NUR IMAMAH DWIYANTI

Belum menuliskan informasi profilenya.

Selengkapnya
Navigasi Web
Suamiku Sayang, Suamiku Malang

Suamiku Sayang, Suamiku Malang

Bergegas aku berjalan ke lantai dua, menuju ke ruang praktik dokter Roy. Perlahan, kubuka pintu ruang praktek dokter Roy yang masih sepi, lalu aku mencatat nama suamiku pada buku kecil yang telah dipersiapkan di atas meja. Hari ini aku mendapat nomer 26. Sejenak kupandangi beberapa angka yang sudah ada di atas angkaku. Entah jam berapa orang-orang itu berangkat dari rumah hingga mereka bisa bertengger di atas dengan selamat. Setelah puas melihat angka-angka itu, akupun segera keluar dari ruang praktek dan duduk di kursi yang berada di depan ruang praktek dokter Roy. Masih sepi. Belum banyak pasien yang datang. Atau mungkin banyak yang tidak berani berobat ke rumah sakit karena takut dengan covid. Entahlah.

Sambil mengisi waktu, kuambil buku berwarna Pink dari dalam tasku. Buku warna cinta yang berisi cerita romansa. Kubaca kalimat demi kalimat hingga akupun larut dalam alur cerita yang ada. Tak terasa, dua jam lebih aku duduk di sudut ruangan itu hingga akhirnya nama suamiku dipanggil. Segera aku berdiri dan berjalan menuju ke ruangan dokter.

“Tumben,” batinku.

Sejak pandemi covid, bagi pasien lama tak ada lagi acara konsultasi dengan dokter. Mereka hanya datang, lalu mengambil resep, membayarnya di apotik dan pulang. Namun entah mengapa, hari ini tiba-tiba saja dokter memanggilku. Tak ingin menyia-nyiakan kesempatan ini, akupun mulai berkonsultasi tentang penyakit suamiku. Walau sebenarnya aku sudah sering berkunjung ke rumah “Simbah G” namun rasanya tak puas jika tak mendengar penjelasan langsung dari dokter yang menangani suamiku.

Sebenarnya, beberapa tahun yang lalu, pernah juga aku berkonsultasi tentang penyakit suamiku pada dokter Roy.
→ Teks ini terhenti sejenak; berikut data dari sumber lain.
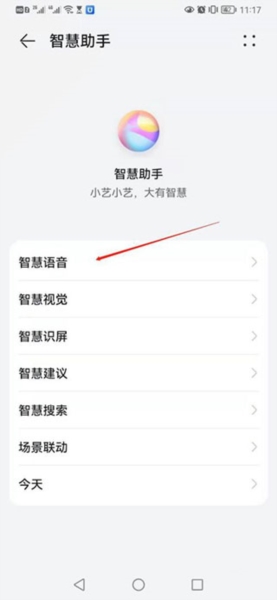 3、点击“智慧助手”进入下一级界面,定位到“智慧语音”功能。
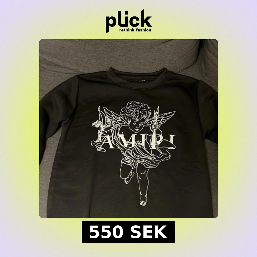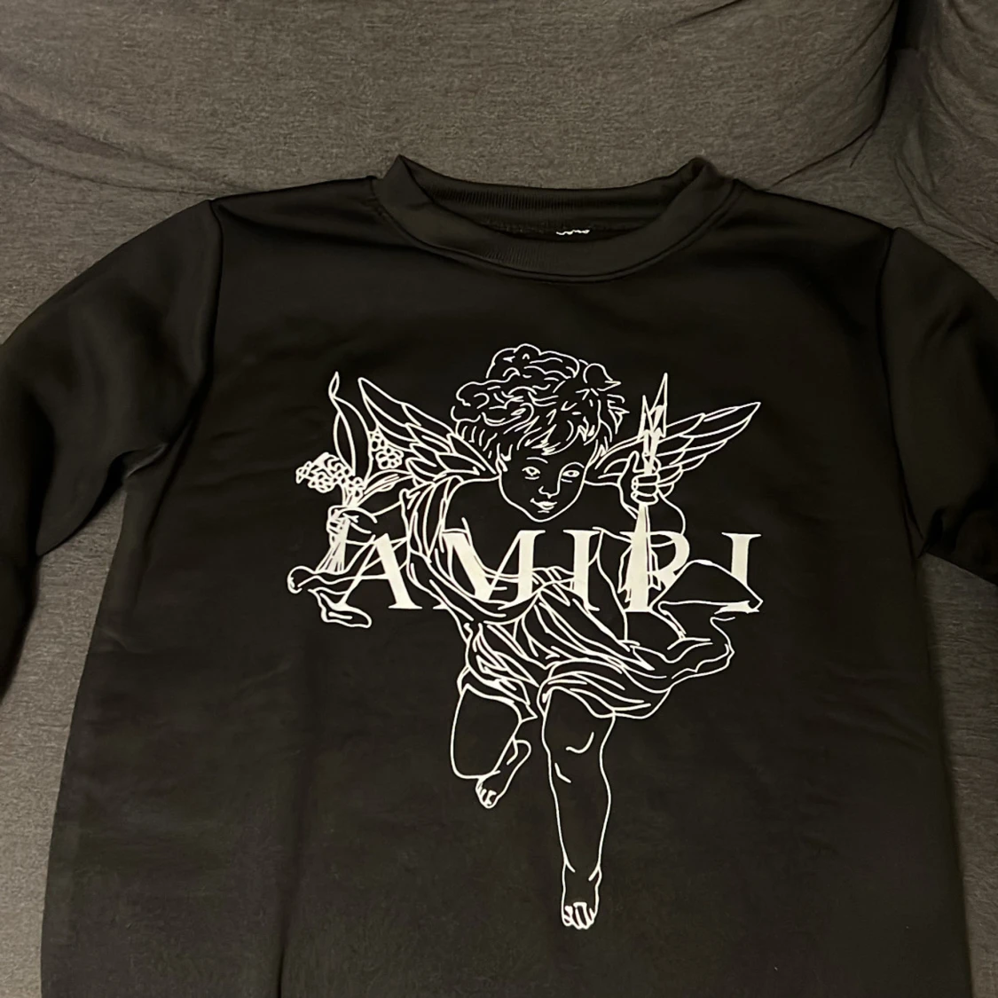 Svart sweatshirt från Amiri med stort vitt tryck av en tecknad ängel och logotyp på bröstet. Tröjan har rund halsringning och långa ärmar. Perfekt för dig som gillar streetwear med unik design. Dm för fler bilder.

Namun entah mengapa aku selalu merasa tak yakin dan berusaha menepis penjelasan dari dokter Roy. Aku berkeyakinan, bahwa setiap penyakit pasti ada obatnya karena Allah menurunkan penyakit dan juga menurunkan obatnya.

“Permisi Dok,” kataku sambil membungkukkan badan.

“Mari Bu. Silakan duduk,” dokter Roy mempersilakan aku duduk di kursi yang berada di hadapannya. Sejenak beliau memandang ke arahku.

“Bagaimana kondisi suaminya?” tanyanya

“Tremornya semakin parah Dok. Badannya kaku, sulit berjalan, tidak bisa memakai baju, sulit menelan dan sering terbatuk-batuk tanpa sebab,” jawabku.

“Obatnya tetap diminum kan?” tanya dokter Roy sambil memandangku.

“Iya Dok,” jawabku.

Dokter Roy diam. Kembali jari jemarinya menuliskan sesuatu pada kertas resep yang ada di hadapannya.

“Obatnya kemarin kapsul sama tablet ya?” tanyanya.

“Iya Dok. Tapi kok tidak ada perubahan sama sekali ya Dok?” tanyaku.

“Parkinson memang seperti itu. Semakin lama tubuhnya akan semakin kaku, karena yang diserang adalah bagian otak yang berhubungan dengan saraf motorik,” jawabnya.

“Sebenarnya apa sih Dok, penyebab penyakit parkinson ini?” tanyaku penasaran.

“Penyakit parkinson ini terjadi karena kelainan genetik. Apakah ada orang tuanya, kakek-neneknya atau mungkin saudaranya yang menderita sakit seperti ini?” tanya dokter Roy.

“Tidak ada Dok,” jawabku.

“Ini sudah lama ya sakitnya?” tanya dokter Roy sambil melihat data pasien yang ada ditangannya.

“Iya Dok. Apakah tidak ada obat yang bisa menyembuhkan suami saya Dok?” tanyaku.

“Tidak ada. Parkinson ini belum ada obatnya. Tapi dengan meminum obat yang saya berikan itu, akan membantu pasien untuk tetap bisa melakukan aktifitas sehari-hari,” jawabnya.

“Berarti penyakit suami saya tidak bisa disembuhkan ya Dok?” tanyaku.

“Iya. Semakin lama nanti kondisinya akan semakin memburuk,” jawab dokter Roy.

Aku mencoba tersenyum. Mencoba ikhlas atas segala apa yang baru saja aku dengar. Sementara itu dokter Roy menuliskan resep untuk suamiku.

“Ini, saya beri resep. Silakan diambil di apotik ya,” katanya sambil menyodorkan secarik kertas resep kepadaku.

Kuterima resep dari dokter Roy dan segera kutinggalkan ruangan praktek itu setelah mengucapkan terima kasih. Bergegas aku berjalan ke apotik untuk menebus obat. Sambil menunggu obat, kumainkan gawaiku sekedar untuk mengusir gundah yang tiba-tiba datang menyapa. Setelah beberapa lama menunggu, tiba juga giliranku menerima obat dari petugas apotik. Kuucapkan terima kasih lalu aku bergegas menuju ke tempat parkir dan pulang dengan mengendarai motor merah kesayanganku.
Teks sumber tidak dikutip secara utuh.